Плеве порывисто встал и даже опрокинул табуретку. Он сделал два шага к дверям.
– В таком случае знайте, что завтра же утром вы будете болтаться в петле. Это не фраза и не угроза. Вам осталось жить не больше пяти часов.
И прокурор палаты, искусно сочетавший в своем лице инквизитора, сыщика и художника, торопливым шагом оставил каземат.
Млодецкий опустился на свою койку.
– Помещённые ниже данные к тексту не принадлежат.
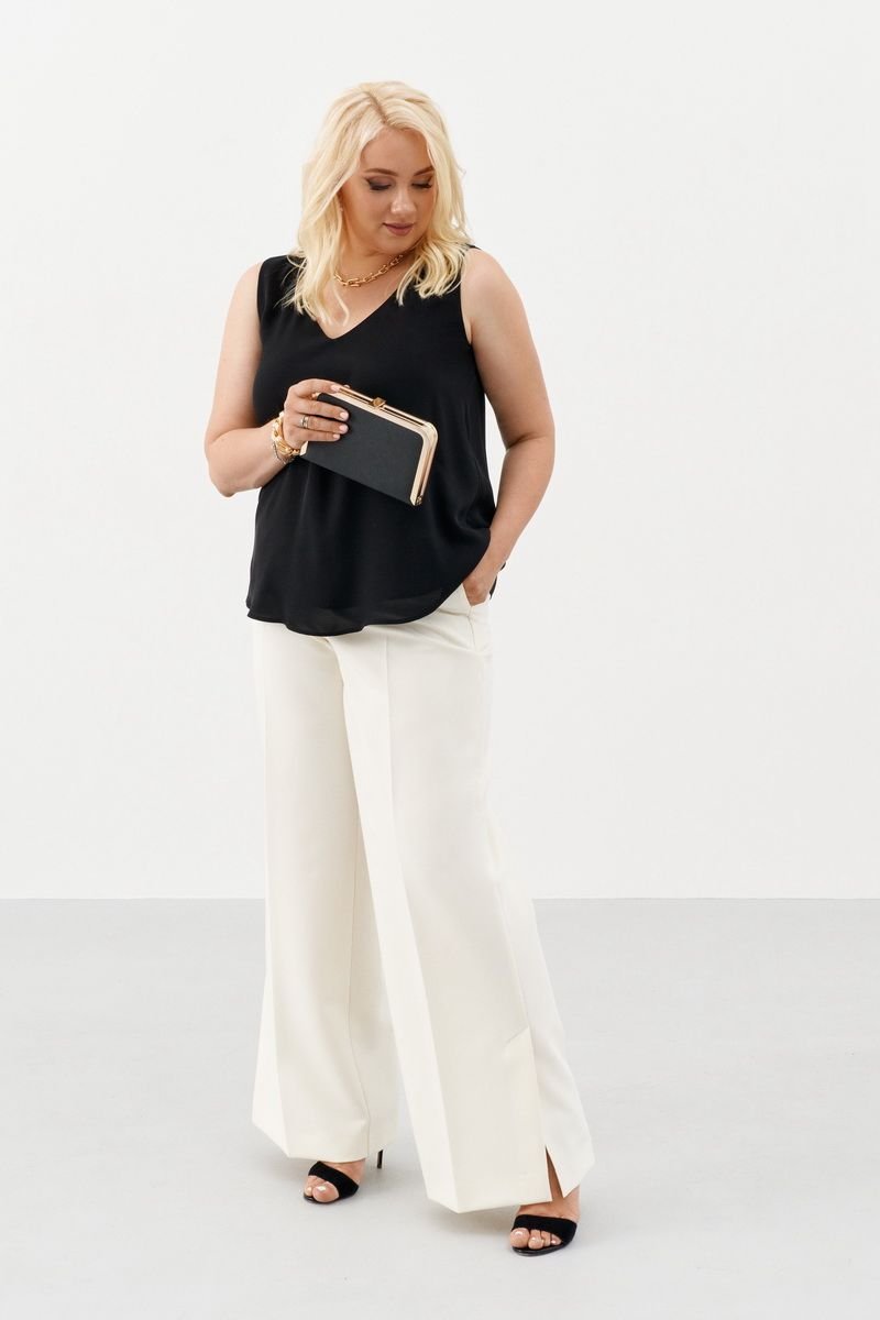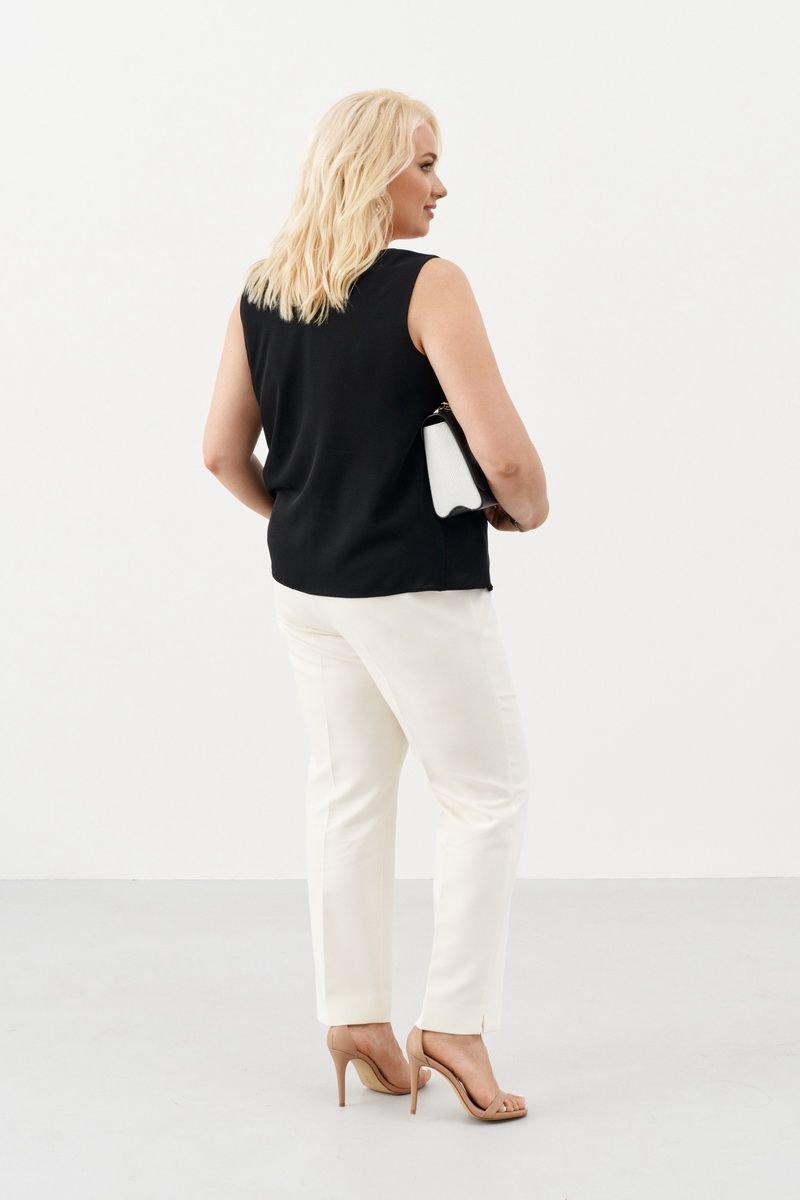 Блузка свободного силуэта из однотонной ткани без рукава на вискозной подкладке. Красивая легкая блузка, слегка расширенная к низу. Стильная вещь, которая отлично сочетается с жакетами, пиджаками и кардиганами. Однотонная блузка станет основой вашего гардероба и разнообразит комплекты повседневной одежды, а также может стать частью вечернего образа.

Известие о немедленном приведении в исполнение приговора нисколько не встревожило его. Он был готов к смерти. Ему только было досадно, что последняя ночь опозорена этой отвратительной пыткой. И сквозь обиду невольно пробивалось наружу неуловимое, почти неосознанное удивление: казалось почему-то невероятным, что эти подвижные, уверенные руки, это здоровое молодое тело, эти зоркие и пытливые глаза через несколько часов застынут и омертвеют. Инстинкт жизни почти подсознательно выбивался из-под волевого напряжения мысли.
Раздумье его было прервано тюремщиками. Последняя кружка чаю, предсмертное переодевание: грубое белье, арестантский черный армяк, уродливая бескозырка с наушниками.
На рассвете его вывели в тесный дворик равелина. У ворот чернела высокая, нелепая, громоздкая колымага на огромных колесах, тяжелая, как дроги, с повернутым назад сиденьем и подвешенной узкой лесенкой.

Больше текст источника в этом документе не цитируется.